照明ライトに加えて初号機からぽわぽわ湧いてくる球電のおかげでベルサイユ宮殿顔負けに煌々と輝くケージにつながる通路は、薄細い明かりしかないせいでずいぶんと暗く見える。その奥から赤い輝きが人の歩行速度で近づいてくる。何かの追加機材が運ばれてきたわりには搬入ルートが違う。それは、人。赤い輝きをもつ、人がやってくる。数名の足音を従えて、それは、薄暗い通路から強い照明のケージ内に姿を現した。
 
 
白いガウンが、ふわり、と脱がれ舞い、付きそう医療班の者に。
その下には白いプラグスーツ。強い明かりに銀を反射する空色の髪、そして、赤い瞳。
 
 
綾波レイ
 
 
知っている者にはどこか違和感を感じさせるところがあったが、確かにそれはエヴァ零号機専属操縦者、ファーストチルドレン、綾波レイだった。目の色と雰囲気、それが違う。
修羅場の中で些細なことだが、確かにそれを見抜いた者も数人いた。眠ってる間に人が変わったなんて話は聞いたことがねえが・・・・もう何年も1人で辛い旅をしてきたような顔を・・・もともと無表情ではあったが・・・している。足取りも心配げに医者がついてるわりにはえらくぴんしゃんしているしな・・・・つま先で風を斬るがごとく迷いがねえというか、思い詰めてるというか・・・・緊張とはまた別のなにかだな、ありゃあ・・・。
 
 
二言三言で付き人の医者達を帰し、とくに探すでもなく、零号機とは違う場所へ歩き出す。

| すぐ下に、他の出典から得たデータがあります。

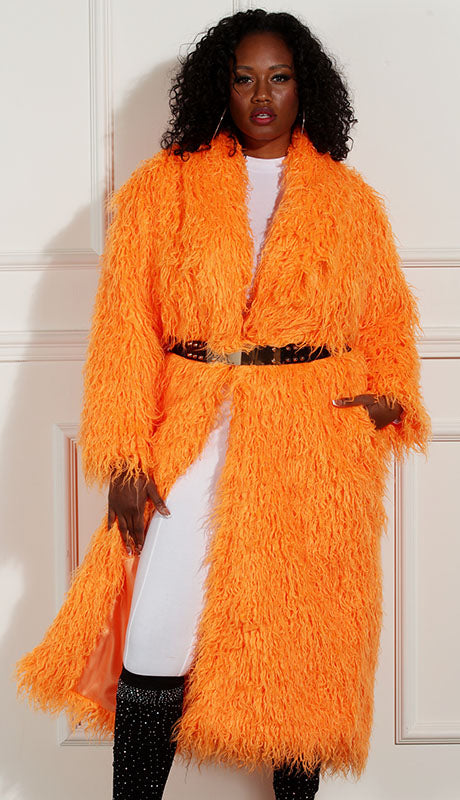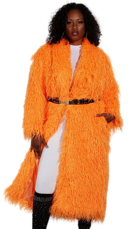 Introducing the Luxe Moda LM230 Church Coat, a garment that effortlessly combines style with comfort. This magnificent coat features a striking orange hue that is sure to turn heads and add a pop of color to any ensemble. Crafted from premium faux fur, the texture is both luxurious and eco-friendly, making it an exquisite choice for fashion-forward individuals.

零号機ではなくこちらに向けて歩いてくる綾波レイを見ながら円谷エンショウは思った。
パイロットが己の機体ではなく、整備の棟梁のところへわざわざ向かうのを周囲も不思議そうに見るが止めるほどではない。やはり零鳳と初凰のことかと聡い者は思った。
 
 
「零号機に乗るめえに、なんか話があるのかい」
自分の前に立ち、赤い瞳を無遠慮なほどにじいっと強く向けてくる少女に違和感をさらに濃くしながら問う整備の棟梁。そんなヒマはねえ、なんてことは分かり切っているだろうに。わざわざ面と向かって機体の不安を問うような弱々しさはどこにも見受けられない・・・・
 
 
て、ことはだ。なにか、とんでもねえことをいいだすぞ、この娘。
 
その口元をじいっと、見る。言葉を待つ。もはやたいがいのことじゃ驚く歳でも状況でもねえが・・・腹を括る。パイロットとはいえ、子供がなんか言ったからといって上の命令でもねえのにこちらがその通りに動くことはない。そんな道理くらいはわきまえているだろうに。だが、それでも・・・・匠のカンは見事に的中した。いいことでもなく、わるいことでもなく、とんでもねえこと。それは・・・
 
 
 
「エヴァ初号機の左腕部分を切断してください。手遅れにならないうちに」
 
 
相手が綾波レイでなければ、即座に目から火花飛ぶくらいにぶん殴っていたところである。